Wie es ins Gehirn gelangt – und dort wirkt
Antioxidative Wirkung
Die Struktur von Astaxanthin – zwei endständige Ringe, die durch eine lange konjugierte Kette verbunden sind – macht es ungewöhnlich wirksam bei der Neutralisierung reaktiver Sauerstoffspezies. Laborvergleiche beziffern seine Fähigkeit, Singulett-Sauerstoff zu neutralisieren, auf etwa das 550-Fache der von Vitamin E, außerdem aktiviert es den körpereigenen Antioxidationsmechanismus, indem es den Transkriptionsfaktor Nrf2 stabilisiert, der unter oxidativem Stress eine Reihe von schützenden Enzymen (darunter Häm-Oxygenase-1 und NADPH-Chinon-Dehydrogenase) in den Zellen aktiviert.
Reduzierung neuroinflammatorischer Prozesse
Chronische, schwach ausgeprägte Entzündungen im Gehirn – die größtenteils durch überaktive Mikroglia, die im Gehirn ansässigen Immunzellen, ausgelöst werden – sind ein anerkanntes Merkmal des Alterns und stehen im Zusammenhang mit einer nachlassenden Neurogenese. In Tier- und Zellstudien wurde gezeigt, dass Astaxanthin den NF-κB-Signalweg unterdrückt, der diese Entzündungsreaktion antreibt, wodurch proinflammatorische Zytokine wie TNF, IL-1 und IL-6 reduziert und gleichzeitig das entzündungshemmende Signal IL-10 verstärkt werden.
Förderung des Wachstums neuer Neuronen
Die adulte Neurogenese – die fortlaufende Bildung neuer Neuronen in bestimmten Hirnregionen wie dem Hippocampus – nimmt mit zunehmendem Alter ab und steht in Zusammenhang mit der Gedächtnis- und Lernfähigkeit. In-vitro- und Tierstudien zeigen, dass Astaxanthin die Proliferation neuraler Vorläuferzellen fördern kann, unter anderem durch die Erhöhung von BDNF (brain-derived neurotrophic factor) und die Aktivierung des mit Langlebigkeit assoziierten FOXO3-Gen-Netzwerks – beides ist entscheidend für die Aufrechterhaltung eines gesunden Bestands an Stammzellen für eine lebenslange Neurogenese.

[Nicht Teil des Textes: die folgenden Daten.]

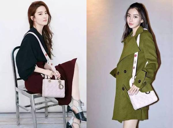 這款浪漫溫柔的粉色款Lady Dior非常適合單肩,能襯托出baby和劉亦菲優雅大氣的氣質。
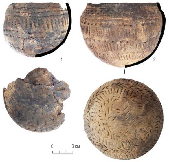 Чаша (1 экз.) закрытой формы с невыраженным плечом / предплечьем, необработанным и неорнаментированным срезом венчика. Орнамент чаши не плотный, нанесен при помощи сочетания штампования и накола крупным гребенчатым орнаментиром. Сосуд орнаментирован полностью, за исключением обреза венчика. Композиция распадается на две зоны: венчик – тулово и тулово – дно (рис. 2, 1 ).
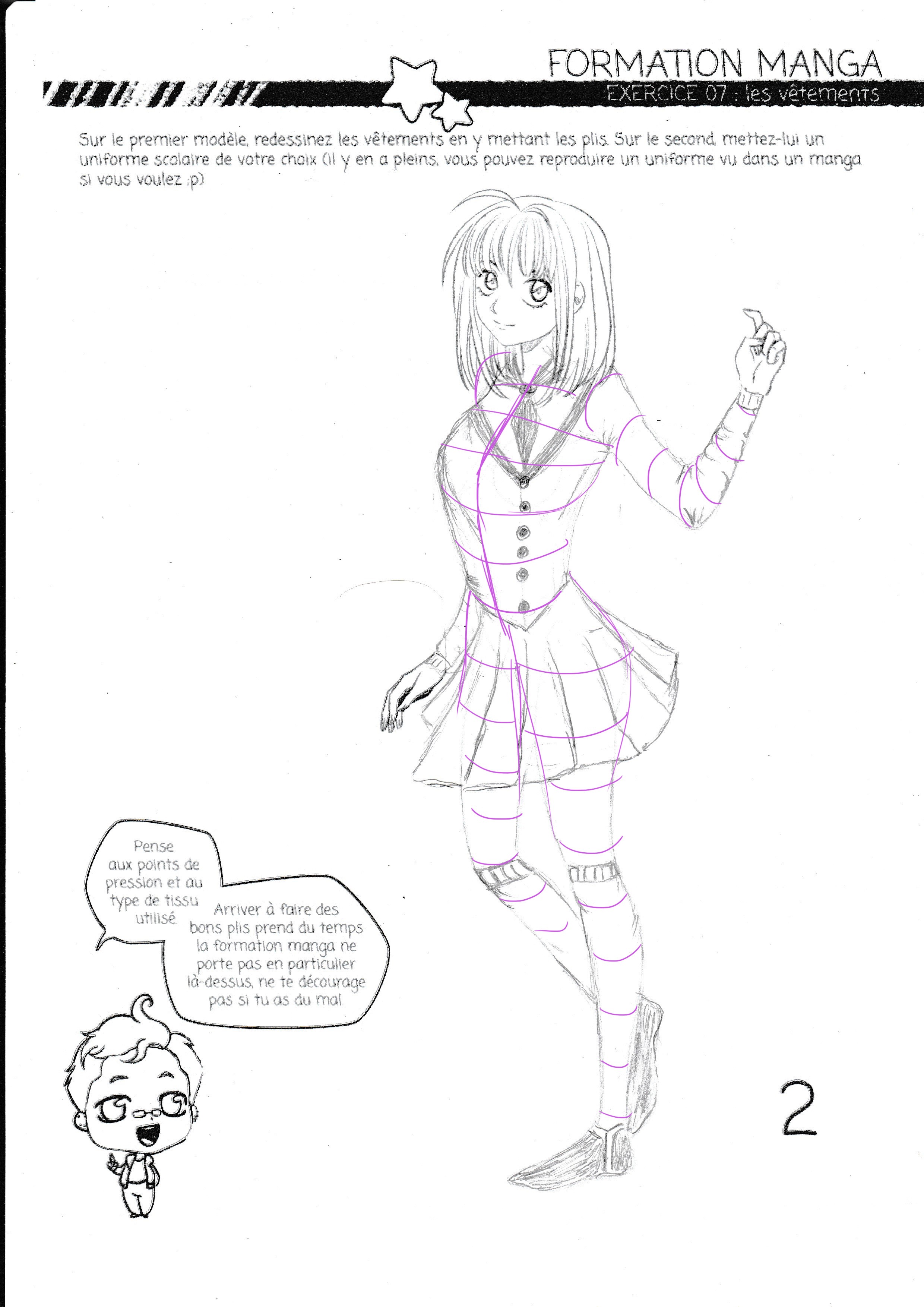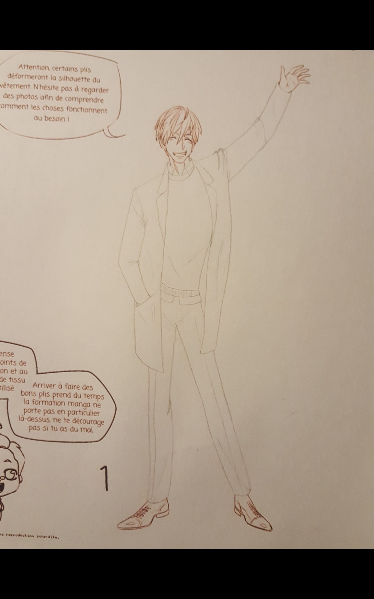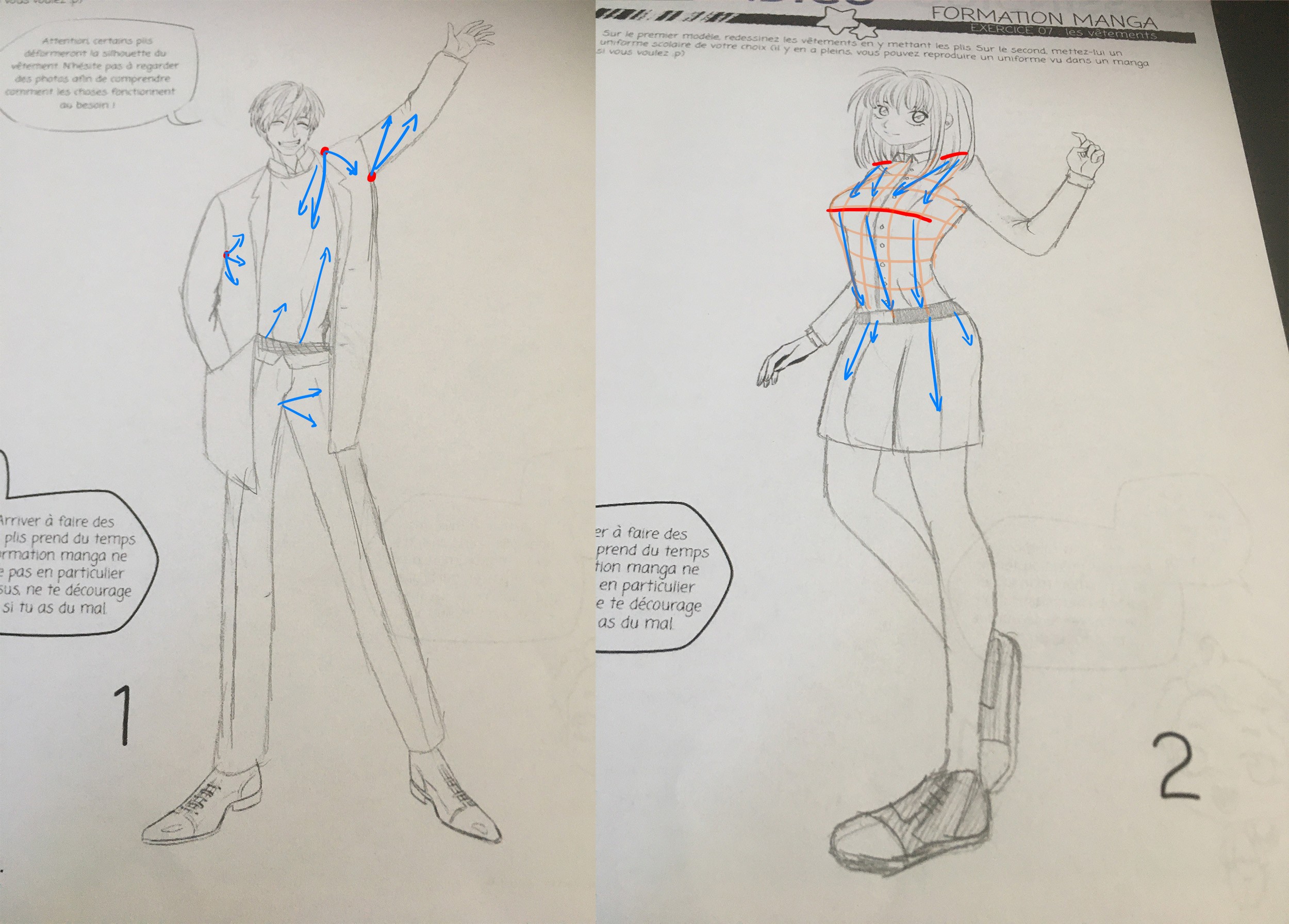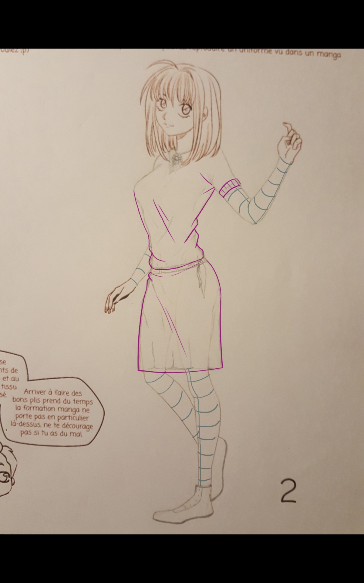 Voici ce que ça donne pour les vêtements. Honnêtement, j'ai tendance à dessiner les plis au "feeling". Je ne sais jamais comment placer les lignes de plis (à la verticale ou à l'horizontale ou autre). Mais je comprends qu'avec la pratique, ça va venir 😉

So sieht das in der Praxis aus
Bei älteren Mäusen verbesserte eine einmonatige Astaxanthin-Supplementierung die kognitive Funktion des Hippocampus und verstärkte die Langzeitpotenzierung – die zelluläre Grundlage von Lernen und Gedächtnis – sowie messbare Fortschritte bei räumlichen Lerntests wie dem Morris-Wasserlabyrinth. Ähnliche Muster zeigten sich in mehreren Nagetiermodellen, darunter eine verbesserte kognitive und Gedächtnisleistung in Alzheimer-ähnlichen Modellen sowie eine verringerte kognitive Beeinträchtigung nach induziertem oxidativem Stress.
Fazit
Die Wirksamkeit von Astaxanthin als neuroprotektive Verbindung beruht auf drei sich ergänzenden Mechanismen – direkter antioxidativer Wirkung, Unterdrückung chronischer Neuroentzündungen und Unterstützung der molekularen Signalwege (Nrf2, BDNF, FOXO3), die die Neurogenese im alternden Gehirn aufrechterhalten. Klinische Daten am Menschen, die sich speziell auf kognitive Ergebnisse beziehen, sind im Vergleich zur Tierliteratur noch begrenzt, doch das Sicherheitsprofil ist gut belegt, und die mechanistischen Grundlagen hinsichtlich der Gehirnalterung sind für ein Carotinoid aus der Nahrung ungewöhnlich gut aufgearbeitet.
Literaturverzeichnis
[1] Medoro, A.; Davinelli, S.; Milella, L.; Willcox, B.J.; Allsopp, R.C.; Scapagnini, G.; Willcox, D.C. „Astaxanthin aus der Nahrung: Ein vielversprechendes Antioxidans und entzündungshemmendes Mittel gegen die Alterung des Gehirns und zur Förderung der Neurogenese bei Erwachsenen.“ Mar. Drugs 2023, 21, 643. https://doi.org/10.3390/md21120643 (Open Access)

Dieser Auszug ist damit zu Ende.